Now we need to build features. In this post, we will use 4000 high frequent words as features.
word_features = list(all_words.keys())[:4000]
And it will be helpful to define the function that find the features.
def find_features(document):
words = set(document)
features = {}
for w in word_features:
features[w] = (w in words)
return features
Then Let's use an example from a negative review.
neg_features = find_features(movie_reviews.words('neg/cv000_29416.txt'))
for k, v in neg_features.items():
if v == True:
print(k)
Now redo this in whole documents.
featuresets = [(find_features(rev), category) for (rev, category) in documents]
After that, we will use Support Vector Classifier for text classification.

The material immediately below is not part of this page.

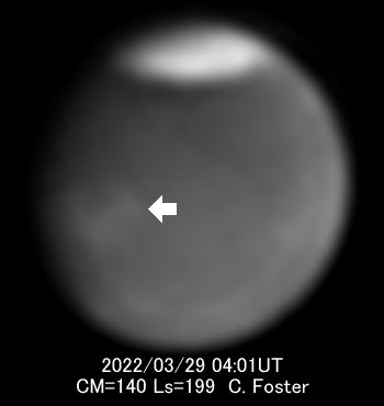 | 矢印で示した明部がダストストーム。中央下の暗部はSyrtis Major。撮像:クライド・フォスター氏(南アフリカ、35p) |

Before classifcation, we need to make train and test set, same as usual.
from sklearn.model_selection import train_test_split
training, test = train_test_split(featuresets, test_size=0.25, random_state=1)
print(len(training), len(test))
Then, we use SVC
from sklearn and SklearnClassifier
from nltk.
from nltk.classify.scikitlearn import SklearnClassifier
from sklearn.svm import SVC
# Instantiate the model
model = SklearnClassifier(SVC(kernel='linear'))
# Train the model
model.train(training)
# Evaluate the model
accuracy = nltk.classify.accuracy(model, test)
print("SVC Accuracy: {}".format(accuracy))
As a result, we can build the text classifier model with almost 80% accuracy.